WARNING: Serious stuffs below.
I’ll never claim to have an organized mind so it may come as no surprise that I still can’t sort out what to scratch about next. I find that it helps to amble aimlessly until I scan on some interesting bit as I breeze by the internal mental landscape of my head. Here goes.
Being young and having the means at the ready to be almost anything you want to be is, at it’s core, a depressing state. Oh, why I’m fortunate but even then life isn’t a field of daisies. It’s almost another year and I’m not at the least anxious in awaiting my A Levels results, it can’t be good. What do I want to be when I grow up? Am I grown up? Age is no definite marker in maturity but I believe I’m almost there. I’m good with my hands. I’m my family’s masseuse and I’m constantly being told by a few members and some friends that I would do very well professionally.
I wouldn’t mind giving it a shot but certain persons don’t think it suitable for me. I have to play to my strengths and consider advice as it comes my way. I’m beginning to even bore myself here with all this dreary talk of my future, but it is what it is. I want to have a little book shop on the side whilst teaching English, eventually as a foreign language. I want to have a tight group of friends who’ll love the person I am despite my earthen scale of faults. Perhaps I watch Friends too much.
I want to lean about people first hand and not only from the internet whose sources tend to be dubious half of the time. Not only that, from such a distance the courage of living despite the crap hand that’s dealt, is something I have to experience in person. I might be setting up myself for a world of hurt but it’s not like I could avoid it al together. I am aware of the hardships of life from afar and as much as it will pain me, I want to immerse myself in the lives of those, who hail from different stations, so I can help in some small way of mine to make their days better.
I want to witness the re-making of broken people, to see that strength take root after so many days of darkness and despair. That transformation, it is the proof of hope. That four letter word I’ve come to attached consciously to over the past two years is such a beautiful thing. But then not everyone can get up after being pushed down. This existence is a two sided coin, no matter from what angle you look at it.

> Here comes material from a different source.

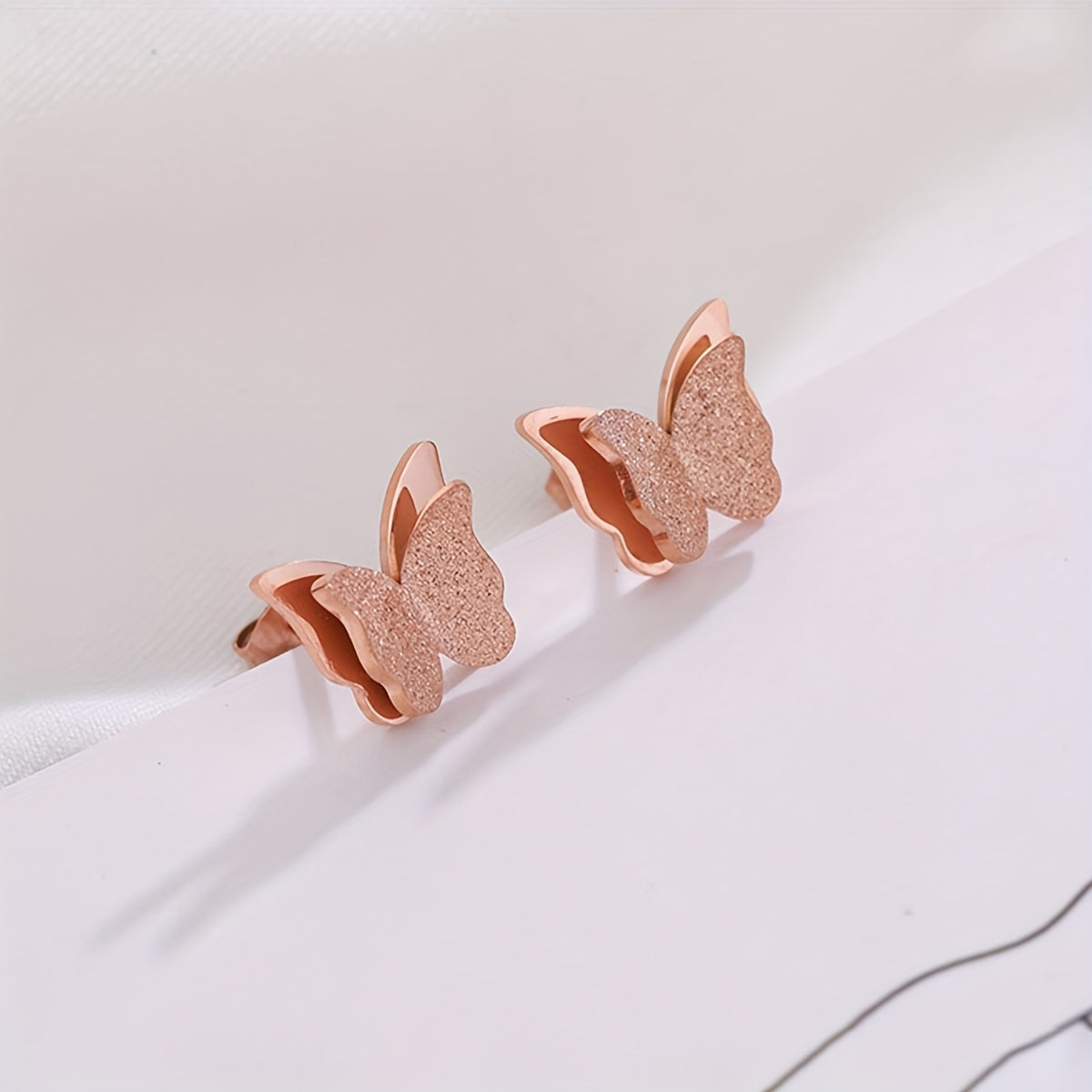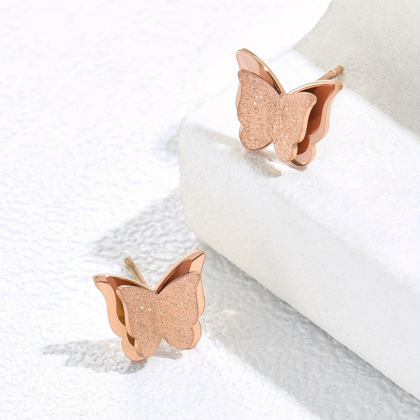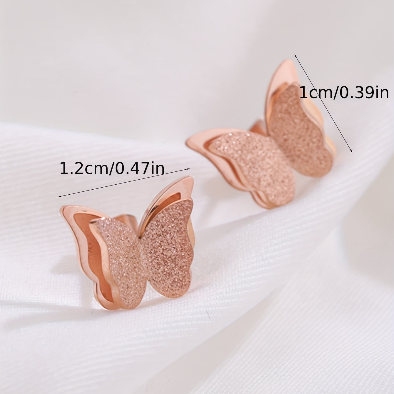 Add a touch of elegance to your daily look with these double-layer rose golden butterfly stud earrings. Made of high-quality stainless steel with 14K gold plating, these earrings are perfect for both casual and formal occasions.
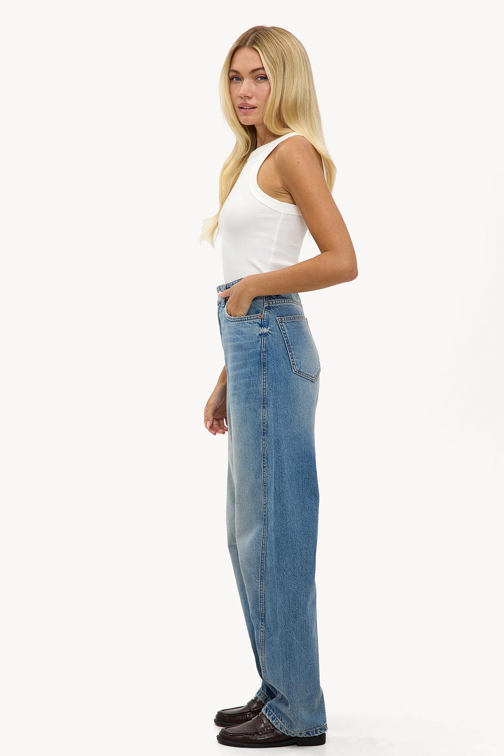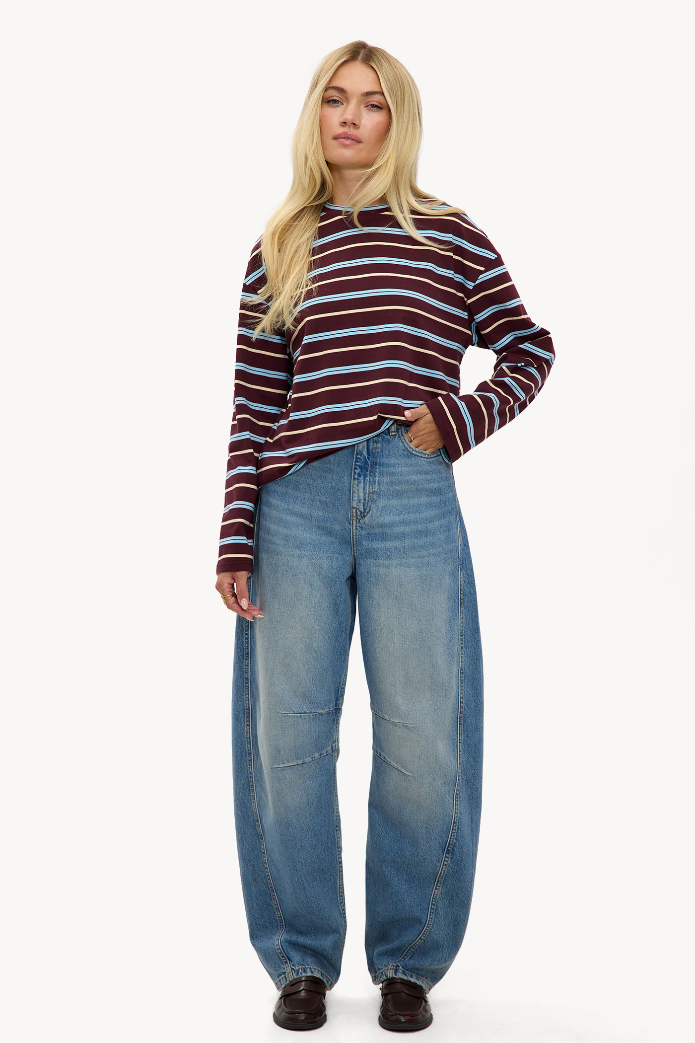 Estos jeans de ajuste globo de 5 bolsillos tienen un lavado vintage ligero y un ajuste de cintura alta. Las piernas anchas con detalles de desvanecimiento sutiles ofrecen un look de denim relajado. La calidad 100% algodón garantiza comodidad y una sensación de denim auténtica. Combina estos jeans con un suéter corto para un look casual chic.

Bookshops are no longer a profitable business, and though I’m not in for the money it’s the entity that’ll will need it. People are bastards at best, including myself, letting people they care about down and realizing that it make me touchy, almost a cynic. I want to trust people, to have real friends. Life is about risks and falling and standing up again. It sucks but I want … I want so much out of living and I want to also give, I wouldn’t settle to simply exist. For now I’m biding my time, making baby steps that will in time embolden me to grasp my tomorrow with both hands so that I may stroke and shape it with firmer fingers and a decisive touch.
Our individual pockets of reality converge to this massive, ever changing, complex world where we think we don’t always have a choice but it’s there, ours for the taking if we can work out the nuances of our master plans. Am I being overly optimistic? Nah, I’m but a part cynic who has yet to outgrow hope.
It’s said that “When you look at a field of dandelions, you can either see a hundred weeds or a hundred wishes.” The way I see it, it’s a bit of both.